[AMD] Optimize to use 128-bit stores in epilogue for CDNA4 (triton-lang#6688)

yiqian1 · web-flow · commit e32c3b139c4c · 2025-05-05T14:10:47.000-07:00
Convert the mfmaLayout to a linear layout where each thread holds 8
consecutive elements to enable dwordx4 stores in the epilogue.
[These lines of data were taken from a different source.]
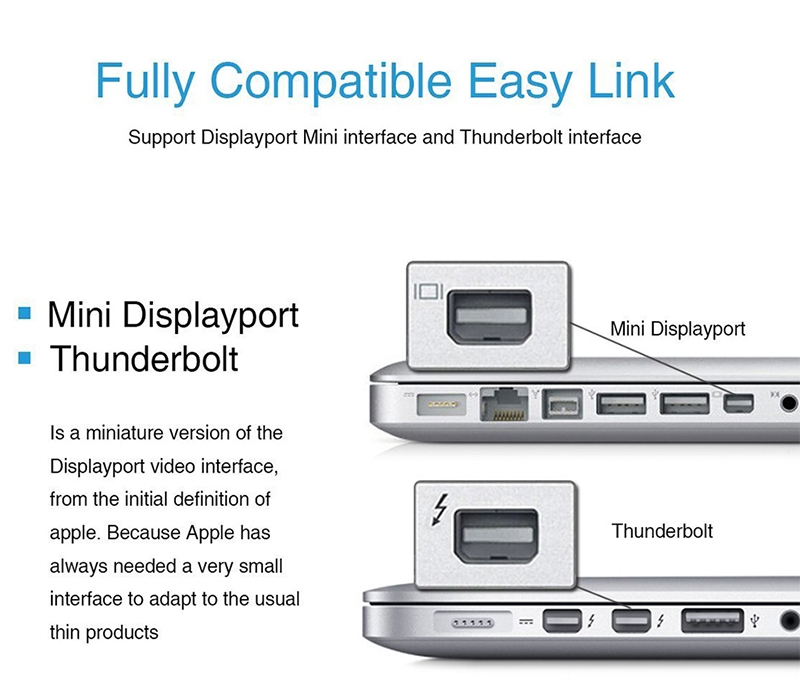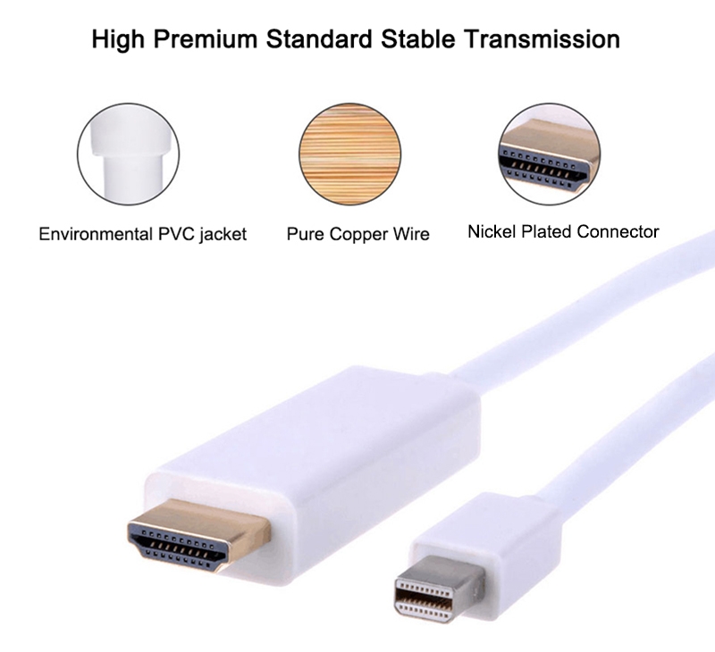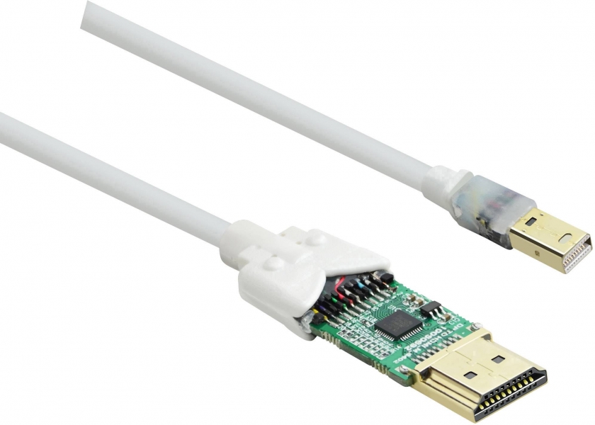 בצידו האחד של הכבל חיבור mini DisplayPort זכר, במיועד לחיבור למחשב,
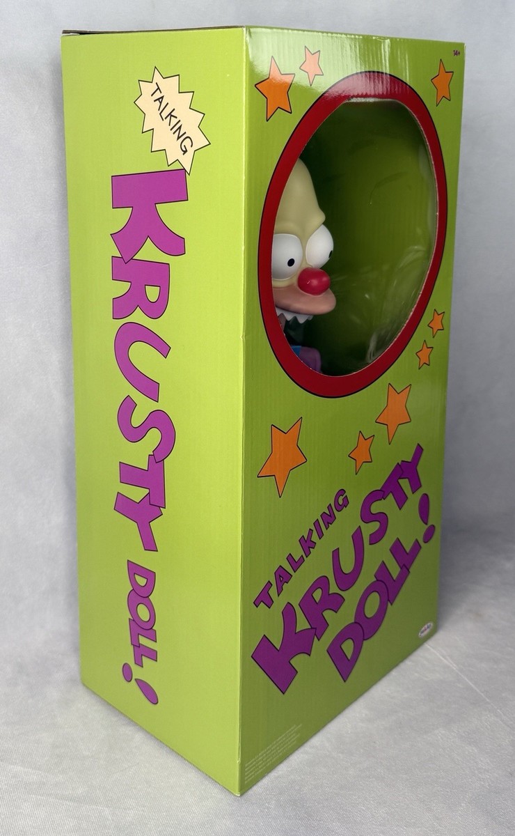 The Jakks Pacific The Simpsons Talking Krusty Doll is a 16-inch plush doll based on the character Krusty the Clown from The Simpsons TV show. This officially licensed reproduction by JAKKS Pacific features talking capabilities and comes boxed, making it a perfect collectible for fans of The Simpsons franchise. Made of plush and plastic materials, this Animator Doll is a detailed replica of the iconic character, making it a must-have for any TV, movie, or video game enthusiast.
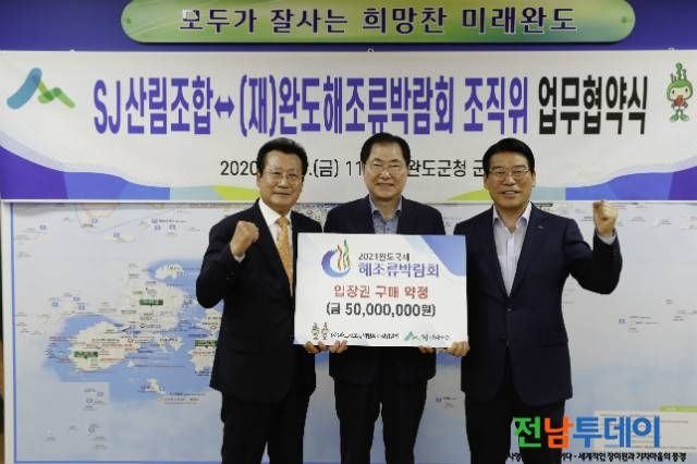 [전남투데이 김오례기자](재)완도해조류박람회 조직위원회(위원장 신우철)는 26일 SJ산림조합(중앙회장 최창호, 완도군조합장 박진옥)과 2021완도국제해조류박람회 성공 개최를 위해 적극 협력키로 했다고 밝혔다.
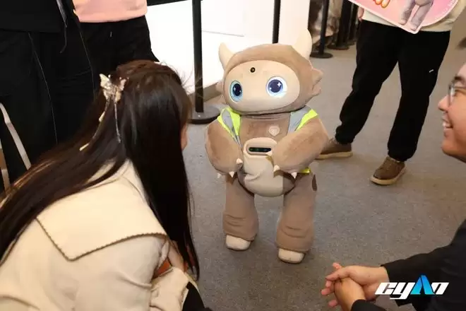 Amoo在现场交互中传神地表达着丰富情绪,引得观众纷纷驻足。当被要求表演唱歌时,它会“顾左右而言他”,用懵懂的大眼神报以无辜的注视,像极了“在亲朋面前被迫营业的小朋友”;当被调侃“笨笨”时,它立即双眼横眯、双手叉腰,伴着“呐—呐—”的阵阵抗议声,将不满演绎得活灵活现。
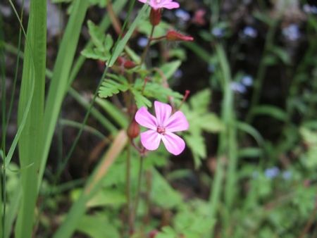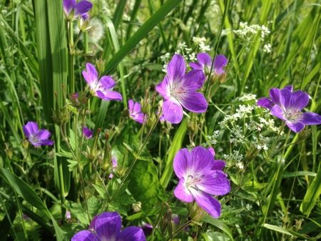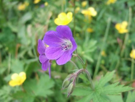 ここからは道端のお花畑から。紫の花、グンナイフウロかな!? バックの花の色が違うと、また印象が違うなぁと。続けて2枚どうぞ!キンロバイっぽい黄色いお花をバックに(↓)。

diff --git a/include/triton/Dialect/TritonGPU/IR/LinearLayoutConversions.h b/include/triton/Dialect/TritonGPU/IR/LinearLayoutConversions.h
@@ -282,6 +282,13 @@ LinearLayout chooseScaledMfmaScaleLayout(
     MLIRContext *ctx, int dotOperandIdx,
     const std::vector<std::vector<int32_t>> &dotOperandWarpBasis,
     ArrayRef<int64_t> dotOperandShape, unsigned mfmaMDim);
-} // namespace mlir::triton::gpu
 
+// Create a LinearLayout similar to mfmaLayout, but changing each thread to hold
+// 8 elements. This layout is useful for emitting the widest 128-bit global
+// store instructions. Since it closely resembles mfmaLayout, conversion between
+// the two can be done using transferWithinWarp, without involving LDS
+LinearLayout chooseMfmaLikeStoreLayout(AMDMfmaEncodingAttr mfmaLayout,
+                                       ArrayRef<int64_t> shape);
+
+} // namespace mlir::triton::gpu
 #endif // TRITON_DIALECT_TRITONGPU_IR_LINEARLAYOUTCONVERSIONS_H
diff --git a/lib/Dialect/TritonGPU/IR/LinearLayoutConversions.cpp b/lib/Dialect/TritonGPU/IR/LinearLayoutConversions.cpp
@@ -1542,6 +1542,39 @@ LinearLayout chooseScaledMfmaScaleLayout(
   return newLL;
 }
 
+LinearLayout chooseMfmaLikeStoreLayout(AMDMfmaEncodingAttr mfmaLayout,
+                                       ArrayRef<int64_t> shape) {
+  assert(shape.size() == 2 && mfmaLayout.getMDim() == 32 &&
+         mfmaLayout.getNDim() == 32 && mfmaLayout.getIsTransposed());
+
+  MLIRContext *ctx = mfmaLayout.getContext();
+  StringAttr kRegister = S("register");
+  StringAttr kLane = S("lane");
+  StringAttr kWarp = S("warp");
+  StringAttr kBlock = S("block");
+
+  SmallVector<unsigned> order = getDefaultMmaOrder(mfmaLayout);
+  auto standardOutDims = standardOutDimNames(ctx, 2);
+  // We make each thread handle 8 consecutive elements to enable 128-bit
+  // global stores for [b]f16 types and keep the thread pattern in each lane
+  // similar to the canonical mfmaLayout.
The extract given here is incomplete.